__Work order__. Below this line are records; transcribe exactly the lines between the one holding "A very large" and the one holding "J’ai le même", inclusive, and omit the pictures.

__Input for this task__.
--------

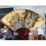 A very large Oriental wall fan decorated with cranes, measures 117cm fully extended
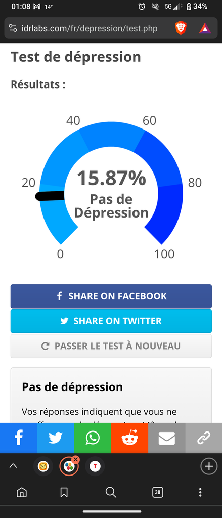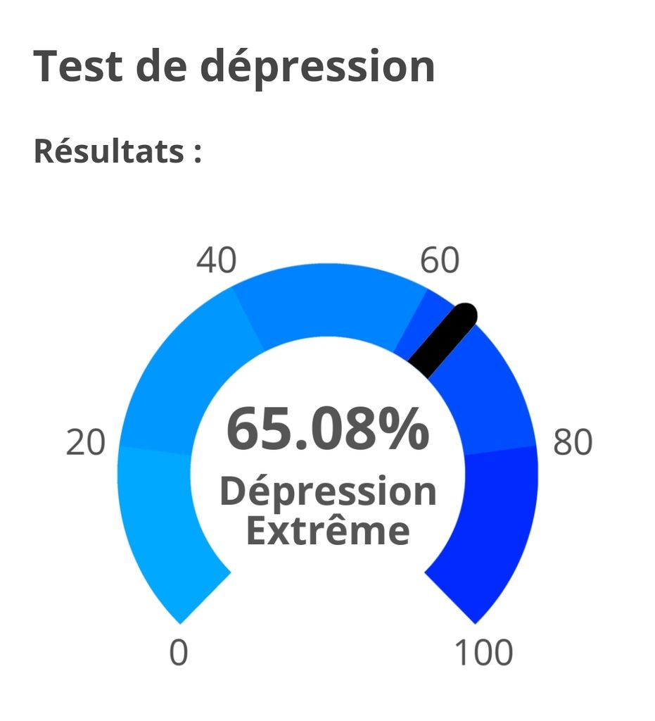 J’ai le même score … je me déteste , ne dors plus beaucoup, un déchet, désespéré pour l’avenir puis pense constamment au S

--------

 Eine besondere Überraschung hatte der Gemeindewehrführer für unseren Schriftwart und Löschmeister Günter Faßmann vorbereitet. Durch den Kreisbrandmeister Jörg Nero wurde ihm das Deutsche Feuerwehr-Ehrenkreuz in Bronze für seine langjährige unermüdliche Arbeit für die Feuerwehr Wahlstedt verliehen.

--------

__Output of the exercise__.
 A very large Oriental wall fan decorated with cranes, measures 117cm fully extended
 J’ai le même score … je me déteste , ne dors plus beaucoup, un déchet, désespéré pour l’avenir puis pense constamment au S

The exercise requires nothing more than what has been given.